*What you need to do*
The entries below need to be transcribed exactly, without their images.

::: Material for the task

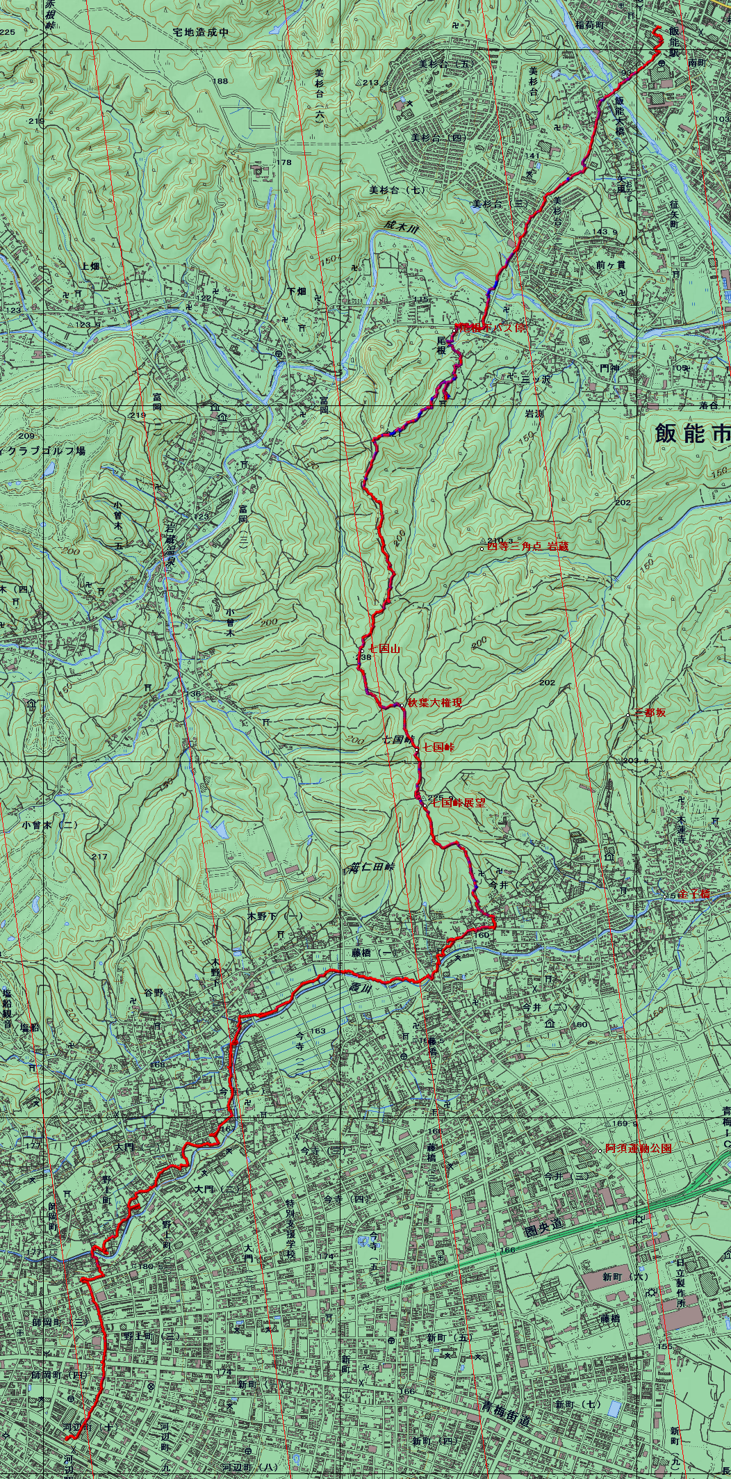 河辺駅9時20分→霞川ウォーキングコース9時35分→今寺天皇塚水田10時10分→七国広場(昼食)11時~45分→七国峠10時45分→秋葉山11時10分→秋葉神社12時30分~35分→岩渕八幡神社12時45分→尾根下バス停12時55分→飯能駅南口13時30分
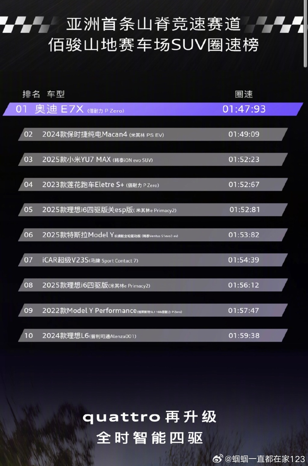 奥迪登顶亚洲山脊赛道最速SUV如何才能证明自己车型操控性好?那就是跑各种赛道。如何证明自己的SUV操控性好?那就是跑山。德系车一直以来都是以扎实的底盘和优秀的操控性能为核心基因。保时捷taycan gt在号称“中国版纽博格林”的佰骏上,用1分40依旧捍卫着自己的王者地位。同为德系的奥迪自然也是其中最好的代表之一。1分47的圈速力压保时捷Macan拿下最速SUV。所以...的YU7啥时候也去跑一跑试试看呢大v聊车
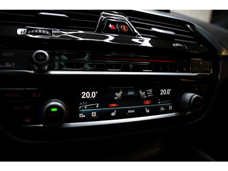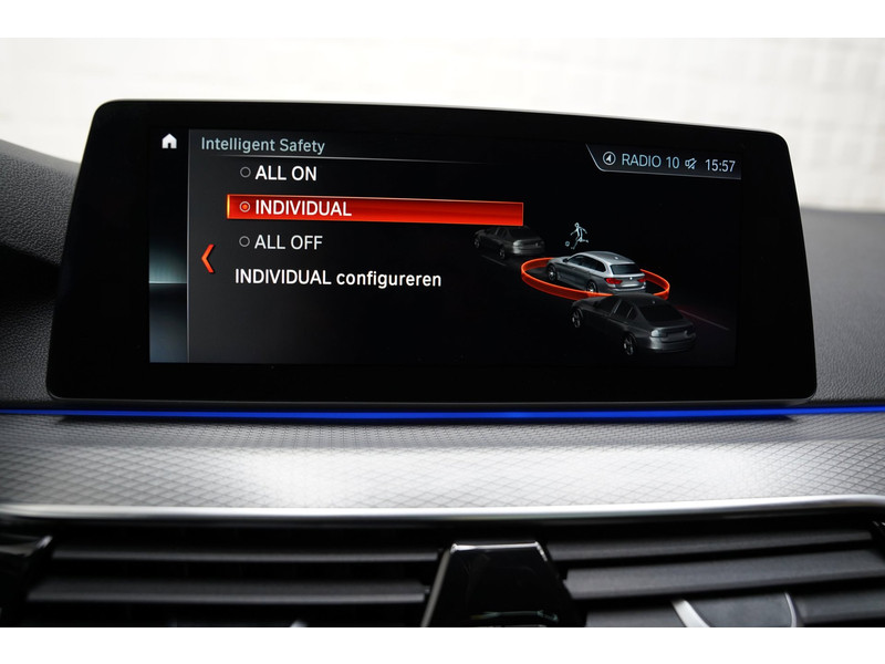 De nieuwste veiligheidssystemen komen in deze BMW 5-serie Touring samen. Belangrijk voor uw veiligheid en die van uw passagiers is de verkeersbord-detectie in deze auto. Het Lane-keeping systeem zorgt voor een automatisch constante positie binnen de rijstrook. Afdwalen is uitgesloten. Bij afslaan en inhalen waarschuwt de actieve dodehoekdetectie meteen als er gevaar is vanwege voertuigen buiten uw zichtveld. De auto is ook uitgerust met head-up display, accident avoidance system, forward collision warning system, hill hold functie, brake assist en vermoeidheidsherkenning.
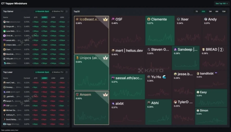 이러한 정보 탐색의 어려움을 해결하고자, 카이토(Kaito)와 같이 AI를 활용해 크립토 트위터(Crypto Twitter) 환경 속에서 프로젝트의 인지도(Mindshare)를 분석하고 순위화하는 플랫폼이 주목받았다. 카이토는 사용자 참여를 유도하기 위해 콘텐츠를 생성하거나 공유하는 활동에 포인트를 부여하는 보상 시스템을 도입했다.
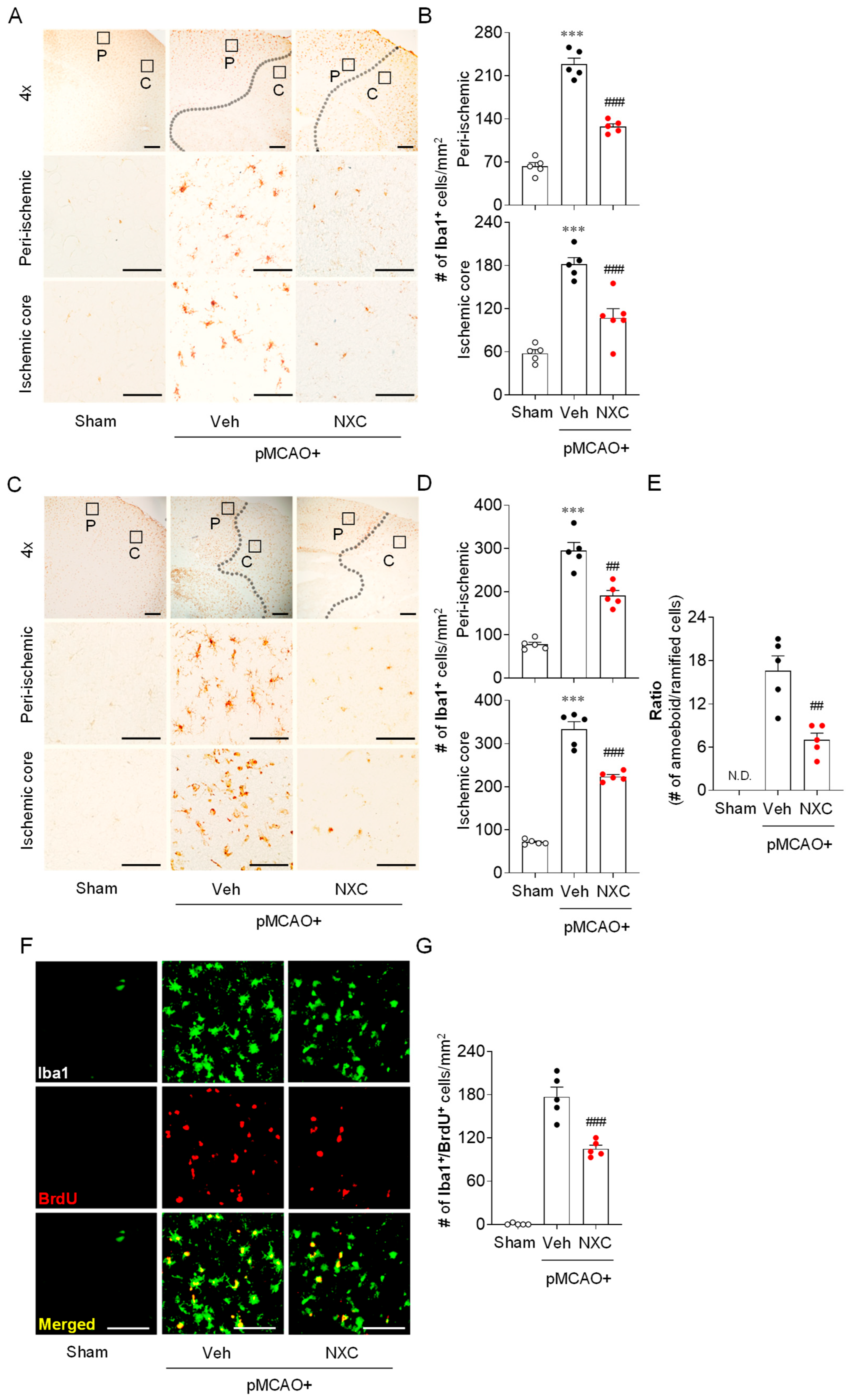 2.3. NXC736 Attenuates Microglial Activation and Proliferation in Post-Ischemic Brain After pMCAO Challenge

::::::

*Answer to this task*
 河辺駅9時20分→霞川ウォーキングコース9時35分→今寺天皇塚水田10時10分→七国広場(昼食)11時~45分→七国峠10時45分→秋葉山11時10分→秋葉神社12時30分~35分→岩渕八幡神社12時45分→尾根下バス停12時55分→飯能駅南口13時30分
 奥迪登顶亚洲山脊赛道最速SUV如何才能证明自己车型操控性好?那就是跑各种赛道。如何证明自己的SUV操控性好?那就是跑山。德系车一直以来都是以扎实的底盘和优秀的操控性能为核心基因。保时捷taycan gt在号称“中国版纽博格林”的佰骏上,用1分40依旧捍卫着自己的王者地位。同为德系的奥迪自然也是其中最好的代表之一。1分47的圈速力压保时捷Macan拿下最速SUV。所以...的YU7啥时候也去跑一跑试试看呢大v聊车
 De nieuwste veiligheidssystemen komen in deze BMW 5-serie Touring samen. Belangrijk voor uw veiligheid en die van uw passagiers is de verkeersbord-detectie in deze auto. Het Lane-keeping systeem zorgt voor een automatisch constante positie binnen de rijstrook. Afdwalen is uitgesloten. Bij afslaan en inhalen waarschuwt de actieve dodehoekdetectie meteen als er gevaar is vanwege voertuigen buiten uw zichtveld. De auto is ook uitgerust met head-up display, accident avoidance system, forward collision warning system, hill hold functie, brake assist en vermoeidheidsherkenning.
 이러한 정보 탐색의 어려움을 해결하고자, 카이토(Kaito)와 같이 AI를 활용해 크립토 트위터(Crypto Twitter) 환경 속에서 프로젝트의 인지도(Mindshare)를 분석하고 순위화하는 플랫폼이 주목받았다. 카이토는 사용자 참여를 유도하기 위해 콘텐츠를 생성하거나 공유하는 활동에 포인트를 부여하는 보상 시스템을 도입했다.
 2.3. NXC736 Attenuates Microglial Activation and Proliferation in Post-Ischemic Brain After pMCAO Challenge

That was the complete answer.